3,5 Millionen Euro will die SPD insgesamt dafür ausgeben. Am Geldmangel könne die Umsetzung in Eschborn nicht scheitern, ist sich die Fraktionsspitze einig. Die Stadt habe viele Millionen Euro in den Rücklagen. Über Paragraf 100 der Hessischen Gemeindeordnung könnten die Mittel lockergemacht werden, sagte Bernhard Veeck. Ab Anfang 2021 könnte dann ein Haushaltsposten für die lokalen Corona-Hilfen geschaffen werden.

Finanziell unterstützt werden sollen vor allem lokale Geschäfte, Gastronomiebetriebe und Dienstleister. Die Stadt könnte 20 Prozent der Miete und anderer Fixkosten bis März 2021 übernehmen, schlagen die Genossen vor. Zusätzlich sollen Unternehmen über ortsansässige IT-Firmen Hilfe beim Aufbau ihres Internetauftritts bekommen.

Außerdem will die SPD 100-Euro-Gutscheine für Restaurants, Einzelhandel, Friseure oder Kosmetikstudios verlosen lassen. Die Kosten dafür solle die Stadt übernehmen, Kundinnen und Kunden sollten einen Eigenbeitrag von 25 Euro leisten. Mehr als 1,5 Millionen Euro wollen die Sozialdemokraten für diese Maßnahmen insgesamt ausgeben.
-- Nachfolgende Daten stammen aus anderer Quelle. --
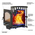 • Система двойного дожига газов уменьшает расход дров и увеличивает эффективность печи (КПД).

Hilfe in Höhe von jeweils 2000 Euro soll es auch für Vereine geben, beispielsweise um Videokonferenzprogramme in Zeiten der Pandemie zu installieren. Die Schwalbacher Tafel, die auch in Eschborn aktiv ist, will die SPD mit zusätzlich 30 000 Euro unterstützen.

Um den sozialen Zusammenhalt zu stärken, schlagen die Genossen vor, zwischen Dezember und März rund 50 Kleinkunstveranstaltungen an Seniorenwohnanlagen oder öffentlichen Plätzen zu organisieren. Für Schülerinnen und Schüler, die zu Hause nicht digital lernen können, solle die Stadt 250 Tablets mit Prepaidkarten anschaffen, heißt es in dem Papier.